§ Instructions to follow:
Provide an exact copy of the data, excluding the images.

§ Information provided:
--- START ---

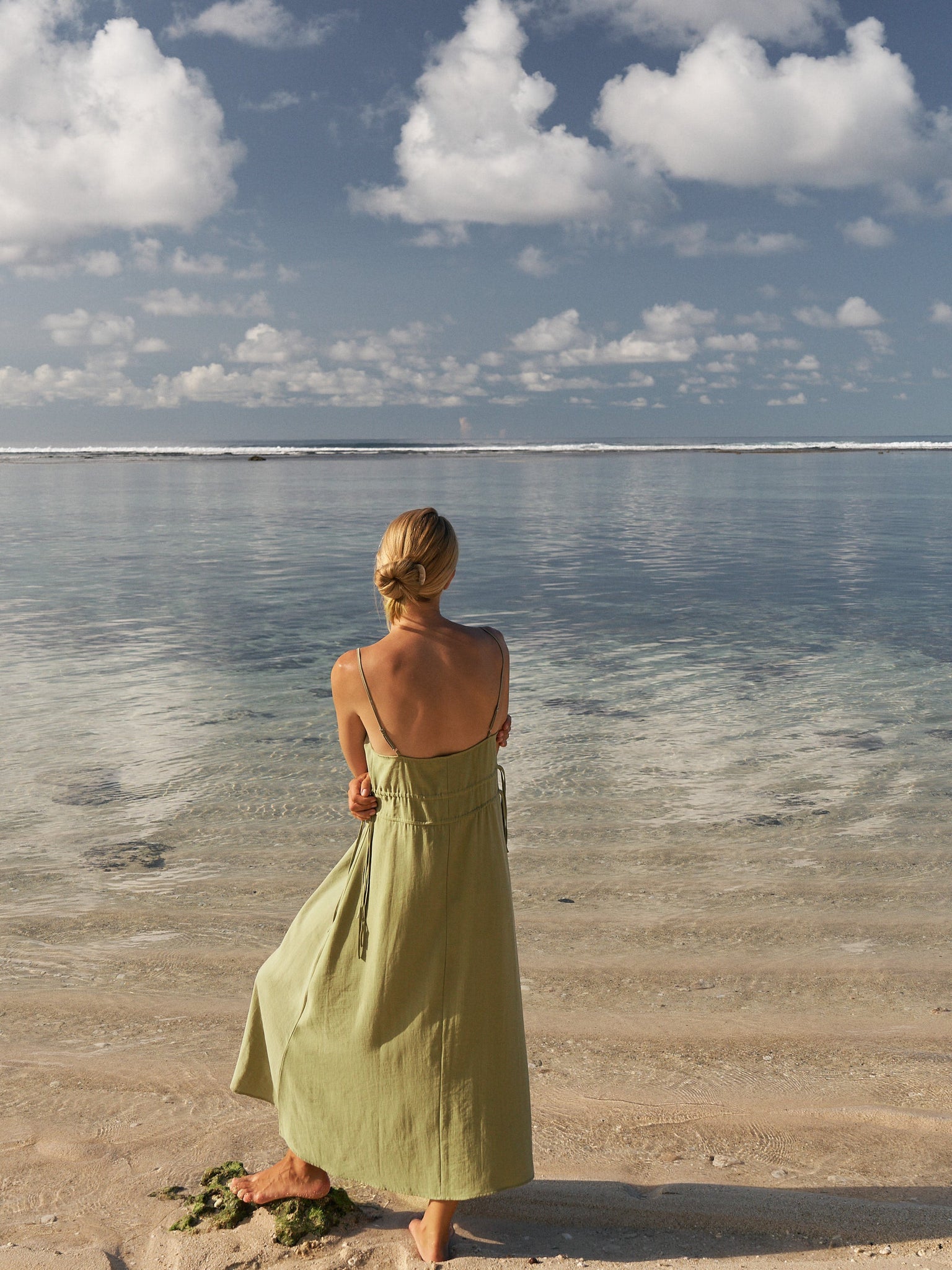 • Load image into Gallery viewer, Sofia Ties Maxi Dress - Khaki Green
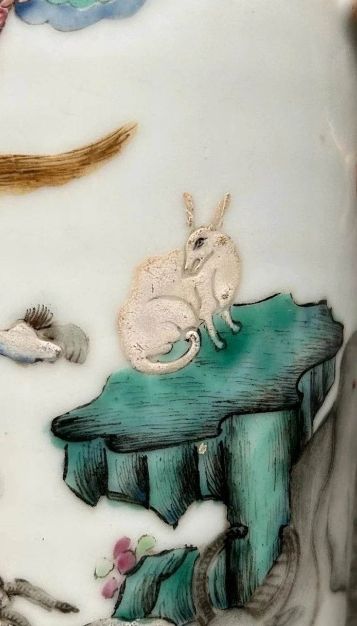 生肖瓷一直是收藏的熱門種類。我有一乾隆年間的小尊,上面繪制著十二生肖,其中夾雜的歷史小故事耐人尋味。此尊為官窯所出,畫師很有經(jīng)驗(yàn),不想給自己帶來麻煩,在繪畫時(shí)把兔子的尾巴加長(zhǎng)。因?yàn)榍偻,該避忌的,還是要避忌,畫短了就會(huì)陷入“兔子尾巴長(zhǎng)不了”之坑,惹上殺身之禍。
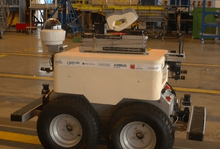 In industrial robotics, LAAS-CNRS participates to the French project Air-Cobot. Picture of the robot in an hangar of Air France Industries.

--- END ---

§ Result of this exercise:
 • Load image into Gallery viewer, Sofia Ties Maxi Dress - Khaki Green
 生肖瓷一直是收藏的熱門種類。我有一乾隆年間的小尊,上面繪制著十二生肖,其中夾雜的歷史小故事耐人尋味。此尊為官窯所出,畫師很有經(jīng)驗(yàn),不想給自己帶來麻煩,在繪畫時(shí)把兔子的尾巴加長(zhǎng)。因?yàn)榍偻,該避忌的,還是要避忌,畫短了就會(huì)陷入“兔子尾巴長(zhǎng)不了”之坑,惹上殺身之禍。
 In industrial robotics, LAAS-CNRS participates to the French project Air-Cobot. Picture of the robot in an hangar of Air France Industries.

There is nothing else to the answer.